On Friday 13 Jul 2007 9:58 am, Charles Haynes wrote:
> But national, religious, ethnic or cultural borders are necessarily
> fluid in time and space. It's all too easy to pick the time and place
> that suits one's agenda. Unfortunately it's also easy for people who
> disagree with you to pick equally convincing times and places that
> support their views.

In fact I believe the Greeks called the Sindhu river the Indus - and the 
Al-Hind part was a later derivative

None of these factors mitigates or removes the fact that the people of  the 
geographic region that "outsiders" callled India held sacred certain 
geographic regions and features which became part of their folklore. 
Pilgrimages or travel to these places were never barred by visas or entry 
restrictions, and roads and rest areas and towns existed en route. Al these 
areas found mention in the folklore, ritual and holy books (if you like) of 
India.

I believe that your original question was "was there actually any "inside" 
there?"

The answer to that is, there was an "inside" insofar as the relationship the 
people had to the places they held sacred.

The unity of post 1947 India as a nation was not thought possible by some, but 
the role of history in uniting the people in India in terms of what is held 
sacred and part of an Indian identity goes unrecognised by many - usually 
"outsiders". Not that it matters.
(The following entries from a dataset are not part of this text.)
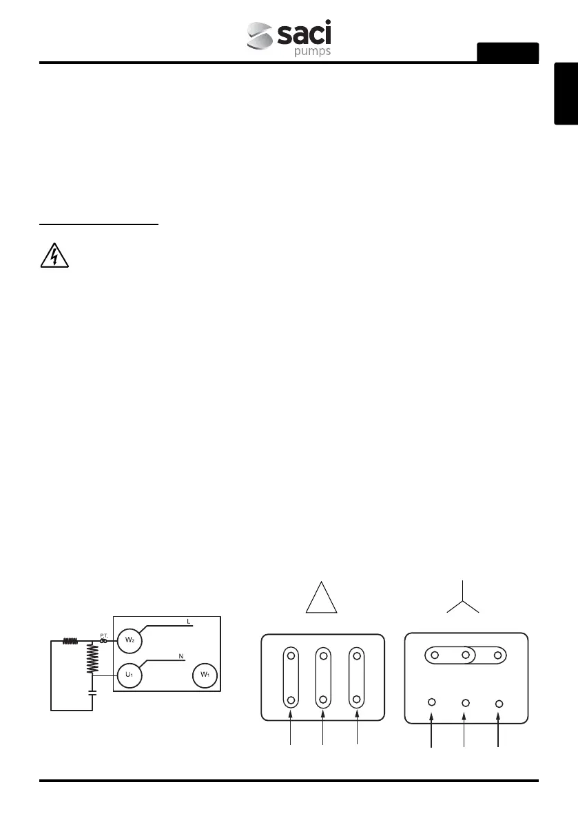Üç fazlı pompalar için kullanıcı motor korumasını yerel yönetmeliklere göre pano içerisine monte etmelidir.
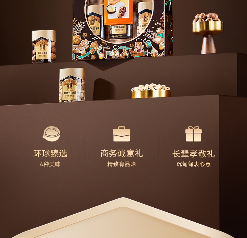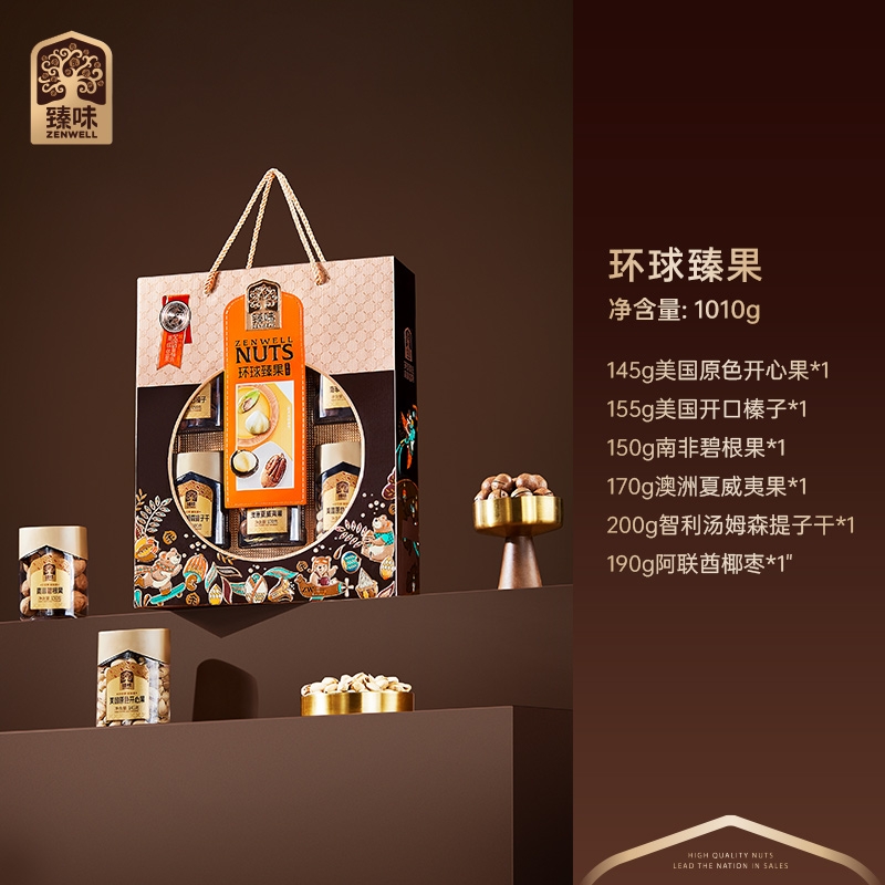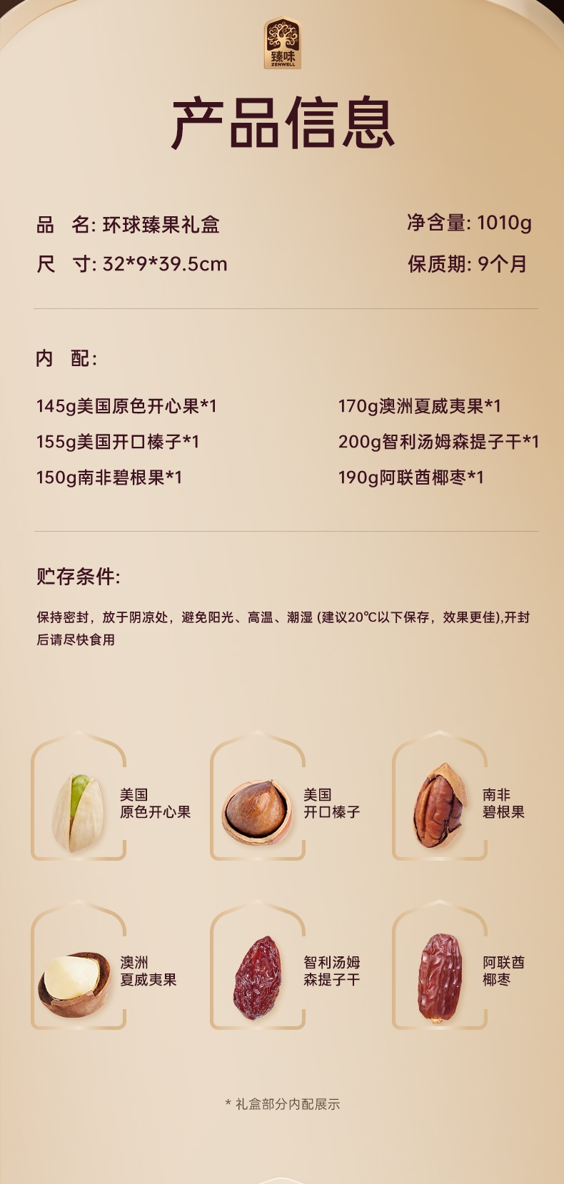 配置清单:1、臻味145g美国原色开心果*1 2、臻味155g美国开口榛子*1 3、臻味150g南非碧根果*1 4、臻味170g澳洲夏威夷果*1 5、臻味200g智利汤姆森提子干*1 6、臻味190g阿联酋椰枣*1
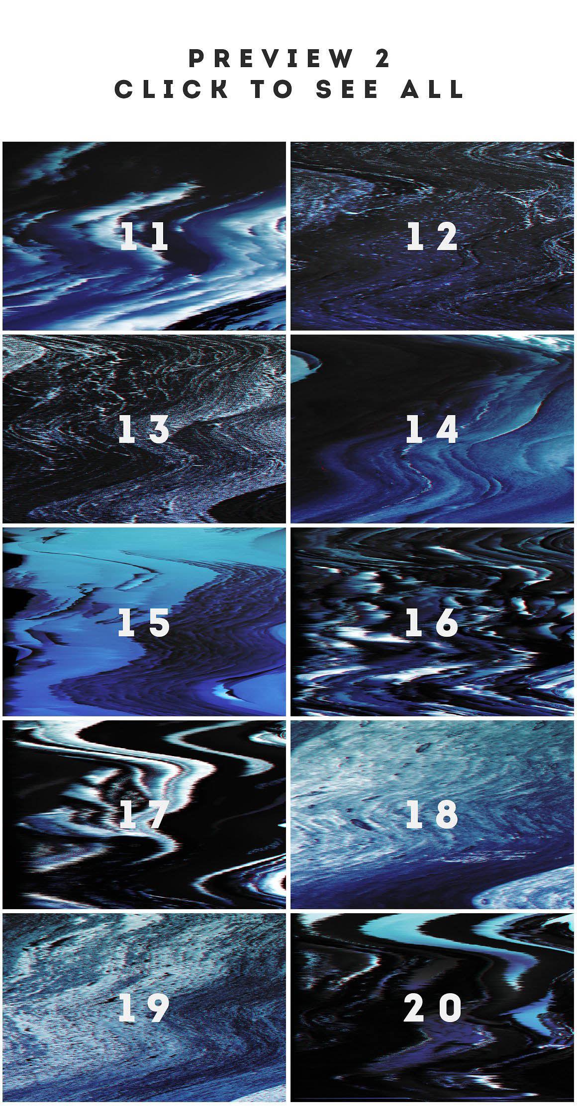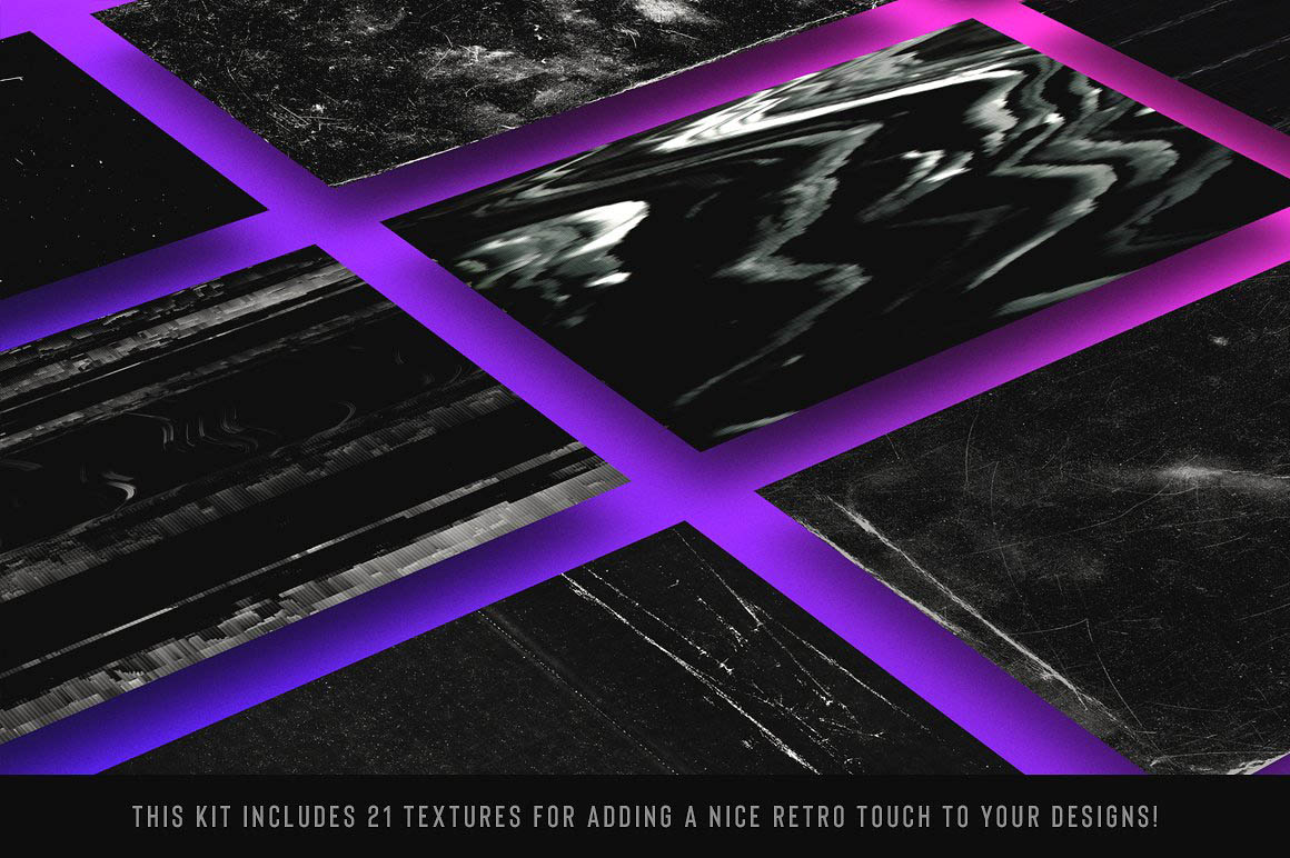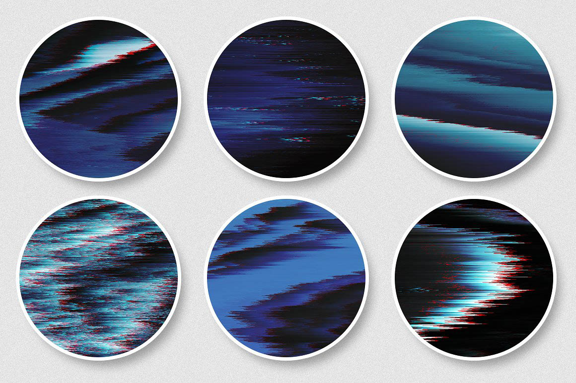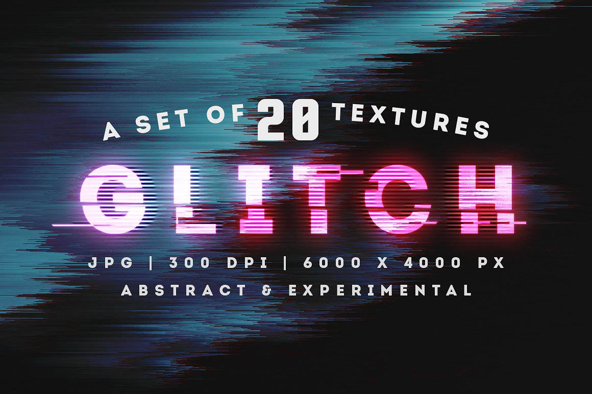 • The set of 20 glitch textures/backgrounds in JPG format (6000×4000 px, 300 DPI)

Just because someone else does not believe 
that a Tamilian can find Badrinath or Kashi sacred does not mean that it is 
not.

I believe both Vivekananda and Gandhi recognized this and utilized this 
eminently utilizable unifying factor. t is still used as a unifying principle 
in modern India. The Brits chose to believe that there was disunity based on 
their worldview of the social and military-economic structure of nation 
states that they sound in India. They were not wholly correct.